This is more convincing than obviously bad code. Obviously bad code gets caught. Code that looks good gets waved through — by reviewers, by CI pipelines, by the developer's own judgment. The danger isn't code that fails visibly. It's code that fails invisibly.

Why it's wrong

AI-generated code is optimized for plausibility, not correctness. The model produces output that matches patterns from its training data — patterns of code that LOOKED correct in the millions of repositories it learned from. The output inherits the surface appearance of correctness without inheriting the underlying reasoning that made the original code correct.

Bender, Gebru, et al. (2021) formalized this in "On the Dangers of Stochastic Parrots" — LLMs are probabilistic models that stitch together sequences based on statistical likelihood, without reference to meaning or truth. The AI produces plausible code because it's predicting the most likely shape of a correct answer, not reasoning about correctness.

A 2023 Stanford study made this concrete: Perry et al. found that developers using AI assistants wrote significantly more insecure code than those without one — and were more likely to believe their code was secure. The AI made the code look so professional that the developer's critical thinking was bypassed.

Three specific failure modes:

Failure mode 1: Correct for the common case, wrong for the edge case

The AI handles the happy path flawlessly. It handles the most common error cases. It misses the edge case that matters — the one that constitutes your security boundary, your financial calculation precision, or your data integrity guarantee.

// AI-generated: looks correct
func calculateInterest(principal float64, rate float64, days int) float64 {
    return principal * rate * float64(days) / 365.0
}

Compiles. Passes the test for a standard 30-day period. Reads well. But: leap years? Negative principal?
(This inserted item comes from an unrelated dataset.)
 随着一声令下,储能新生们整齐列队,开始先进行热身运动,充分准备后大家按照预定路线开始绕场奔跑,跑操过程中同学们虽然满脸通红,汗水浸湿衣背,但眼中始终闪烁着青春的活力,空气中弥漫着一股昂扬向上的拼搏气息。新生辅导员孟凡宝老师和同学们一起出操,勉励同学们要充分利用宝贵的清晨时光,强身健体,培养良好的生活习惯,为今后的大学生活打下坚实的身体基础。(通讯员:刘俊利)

Rate above 1.0? Days exceeding the term? Overflow on large principals? Each edge case is a potential financial error that won't surface in normal testing.
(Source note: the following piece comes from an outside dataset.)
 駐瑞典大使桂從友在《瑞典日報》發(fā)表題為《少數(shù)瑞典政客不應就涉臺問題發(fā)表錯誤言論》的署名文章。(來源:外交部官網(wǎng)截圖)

The AI didn't think about these cases. It pattern-matched a common interest calculation. The developer who would have WRITTEN this function would have encountered the edge cases during development — struggling with the leap year question, asking about negative values, checking the spec. Correctness comes from that struggle. The AI skipped it. OpenAI's own Codex evaluation (Chen et al., 2021) documented this: while Codex solved 70%+ of simple problems, performance dropped significantly as complexity or the need for specific logical constraints increased. AI is trained on the average code, meaning it defaults to the most common — and often least robust — implementation.

Failure mode 2: Locally correct, globally wrong

Each function is correct in isolation. The composition is wrong. Function A correctly parses input. Function B correctly transforms data. Function C correctly writes output. But A's output format doesn't match B's expected input. Or B's transformation assumes an ordering that A doesn't guarantee. Or C writes to a resource that A already locked.

This is the composition problem from Fallacy #1 — but at the code level, not the system level. AI generates each piece by pattern-matching against similar pieces in training data. The pieces look correct individually. Nobody checks whether they compose correctly, because each piece passed its own review.

Failure mode 3: Semantically different from what was intended

The code does something. It does it correctly. It's not what you wanted.

You asked for a function that validates user input. The AI generates a function that checks string length and character types. You meant a function that checks the input against the business rules for your specific domain — valid account numbers, permitted transaction types, jurisdictional constraints. The AI generated a PLAUSIBLE interpretation of validates. Not YOUR interpretation.

The code compiles. The tests pass (because the tests also validate string length and characters). The review looks fine (the function does what it says). But the intended validation — the business rules — was never implemented. The AI solved the how perfectly. It guessed the why. And without a specification that anchors the why, no amount of code review will catch the gap — because the code does something reasonable. It's just not the right something.

Peter Naur explained why in 1985: software isn't just the code — it's the mental theory the programmer possesses about how the software handles the problem. The AI can generate the artifact, but it doesn't possess the theory. Without the theory, the code is an artifact that might look like the solution but lacks the internal logic of the intended design. The developer who writes the validation function builds a theory of the domain's rules during development. The AI skips that theory-building entirely.

What correct requires

Byron Cook built Amazon's automated reasoning organization — 300+ scientists, 15+ teams, formal verification embedded across AWS. The insight he discovered over 11 years: executives don't want bug reports. They want proofs.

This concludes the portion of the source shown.